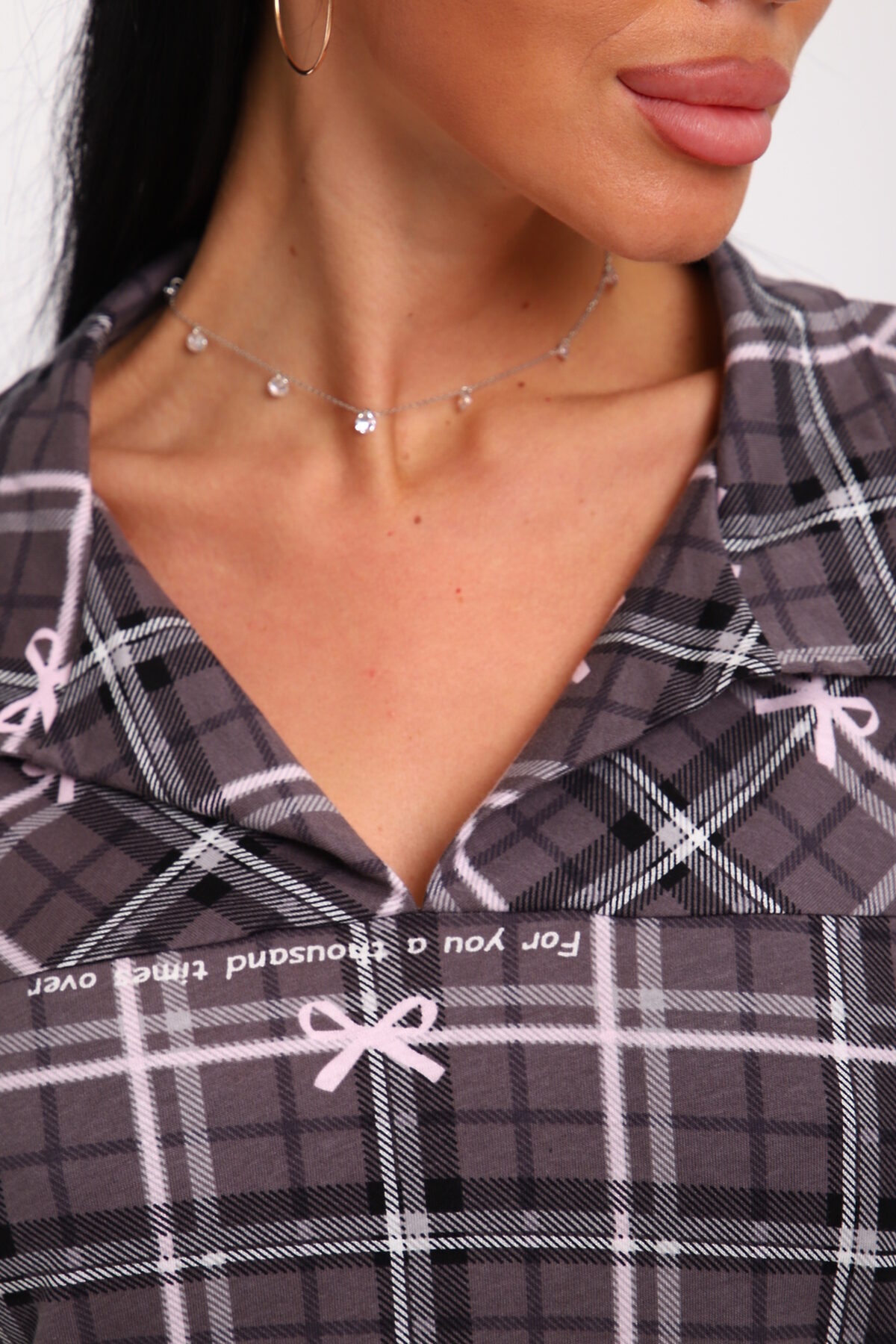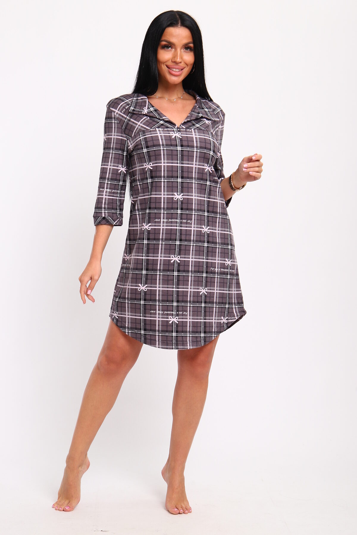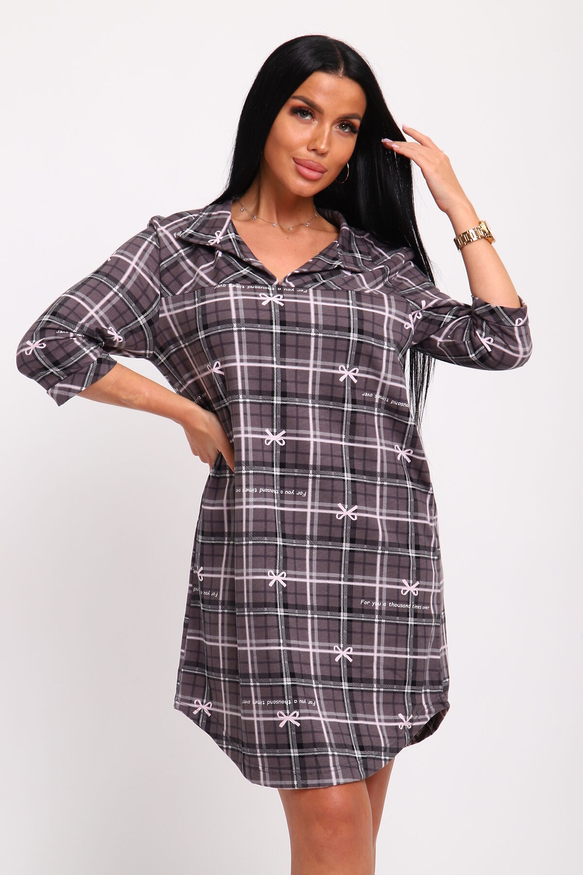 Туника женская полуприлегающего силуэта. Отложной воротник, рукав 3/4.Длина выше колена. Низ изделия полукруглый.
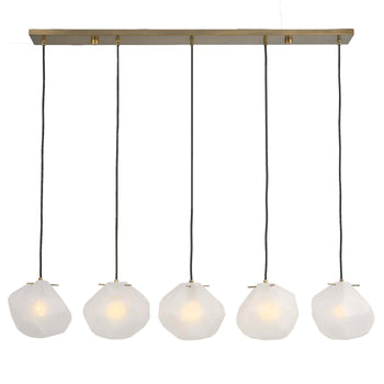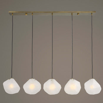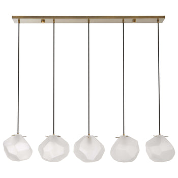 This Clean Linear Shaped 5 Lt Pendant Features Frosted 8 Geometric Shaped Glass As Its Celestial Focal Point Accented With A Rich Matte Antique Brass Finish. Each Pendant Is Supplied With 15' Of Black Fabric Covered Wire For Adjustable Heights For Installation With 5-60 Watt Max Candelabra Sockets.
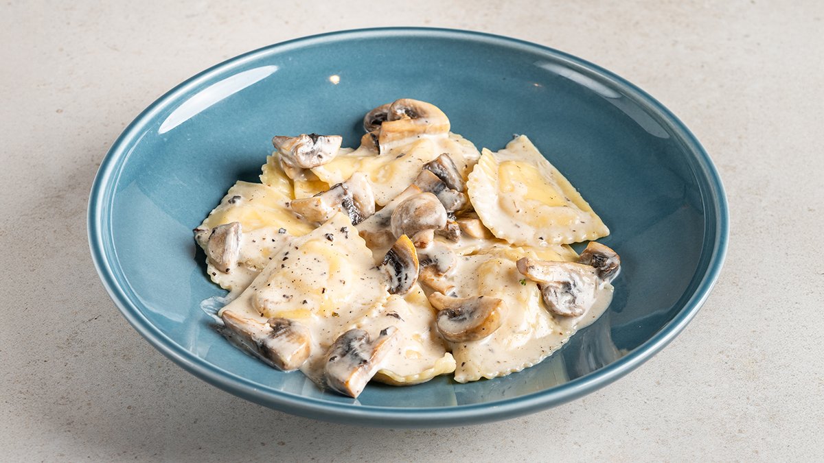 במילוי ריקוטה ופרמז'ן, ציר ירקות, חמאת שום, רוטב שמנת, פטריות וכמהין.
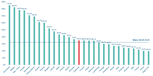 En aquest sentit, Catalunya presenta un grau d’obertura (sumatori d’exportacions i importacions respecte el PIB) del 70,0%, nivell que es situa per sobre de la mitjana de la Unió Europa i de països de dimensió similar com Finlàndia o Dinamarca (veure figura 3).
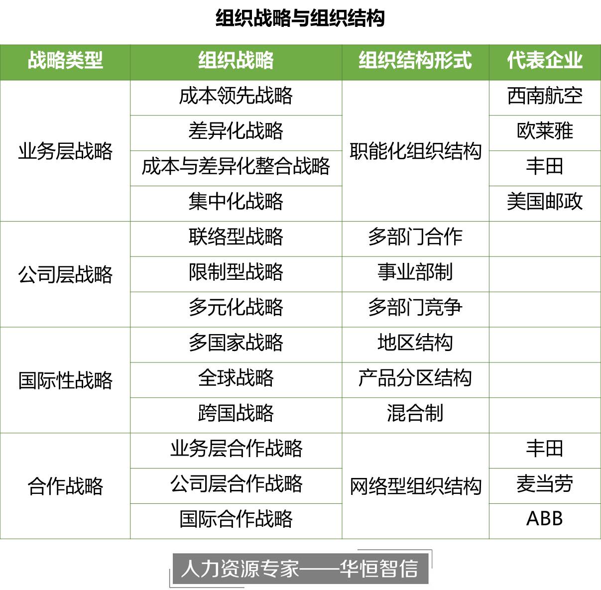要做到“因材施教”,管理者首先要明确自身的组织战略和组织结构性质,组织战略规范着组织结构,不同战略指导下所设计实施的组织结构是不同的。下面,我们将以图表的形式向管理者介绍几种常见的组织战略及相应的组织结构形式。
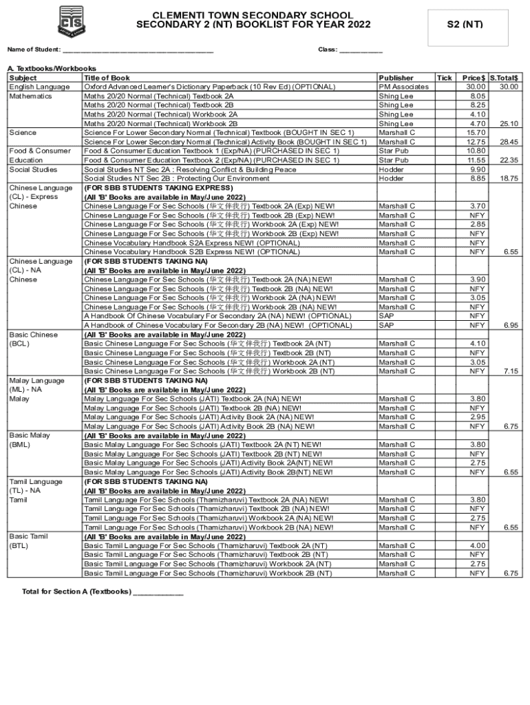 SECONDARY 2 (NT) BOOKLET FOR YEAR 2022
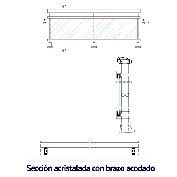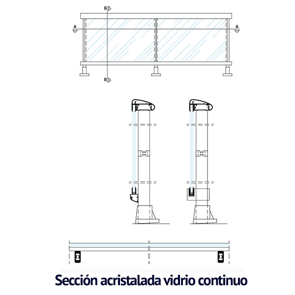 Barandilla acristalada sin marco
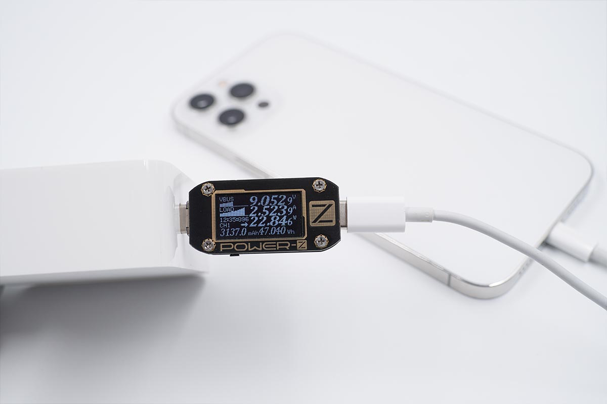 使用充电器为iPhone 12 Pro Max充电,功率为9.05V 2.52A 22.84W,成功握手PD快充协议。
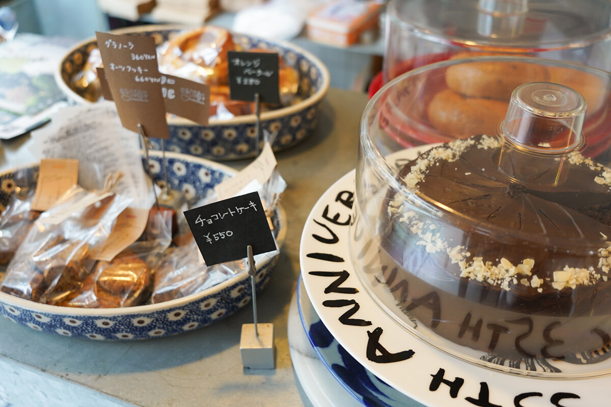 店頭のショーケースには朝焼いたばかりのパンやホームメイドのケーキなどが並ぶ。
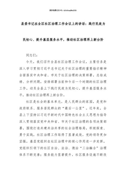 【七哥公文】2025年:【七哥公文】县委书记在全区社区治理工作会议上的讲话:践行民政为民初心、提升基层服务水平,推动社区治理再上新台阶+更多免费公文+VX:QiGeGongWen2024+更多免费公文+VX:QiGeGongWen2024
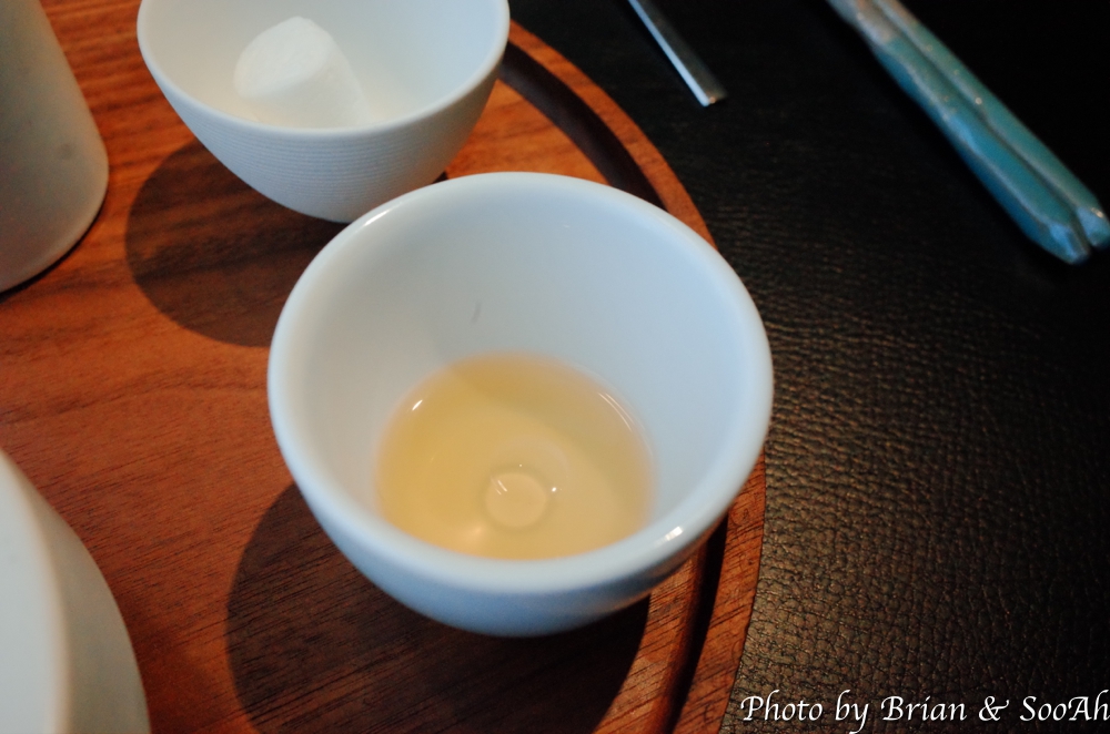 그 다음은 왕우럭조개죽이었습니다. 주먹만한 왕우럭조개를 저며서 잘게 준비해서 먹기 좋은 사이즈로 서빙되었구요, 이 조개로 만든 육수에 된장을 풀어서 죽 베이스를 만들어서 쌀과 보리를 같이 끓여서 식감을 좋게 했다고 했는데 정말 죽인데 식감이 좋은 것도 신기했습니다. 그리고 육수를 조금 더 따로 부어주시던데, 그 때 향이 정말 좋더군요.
━━━━━━━━
→ DIRECTIONS
Print the data above from its first line through the line that has "Barandilla acristalada sin marco", exactly and with nothing else, omitting pictures.

→ RESPONSE AREA
 Туника женская полуприлегающего силуэта. Отложной воротник, рукав 3/4.Длина выше колена. Низ изделия полукруглый.
 This Clean Linear Shaped 5 Lt Pendant Features Frosted 8 Geometric Shaped Glass As Its Celestial Focal Point Accented With A Rich Matte Antique Brass Finish. Each Pendant Is Supplied With 15' Of Black Fabric Covered Wire For Adjustable Heights For Installation With 5-60 Watt Max Candelabra Sockets.
 במילוי ריקוטה ופרמז'ן, ציר ירקות, חמאת שום, רוטב שמנת, פטריות וכמהין.
 En aquest sentit, Catalunya presenta un grau d’obertura (sumatori d’exportacions i importacions respecte el PIB) del 70,0%, nivell que es situa per sobre de la mitjana de la Unió Europa i de països de dimensió similar com Finlàndia o Dinamarca (veure figura 3).
要做到“因材施教”,管理者首先要明确自身的组织战略和组织结构性质,组织战略规范着组织结构,不同战略指导下所设计实施的组织结构是不同的。下面,我们将以图表的形式向管理者介绍几种常见的组织战略及相应的组织结构形式。
 SECONDARY 2 (NT) BOOKLET FOR YEAR 2022
 Barandilla acristalada sin marco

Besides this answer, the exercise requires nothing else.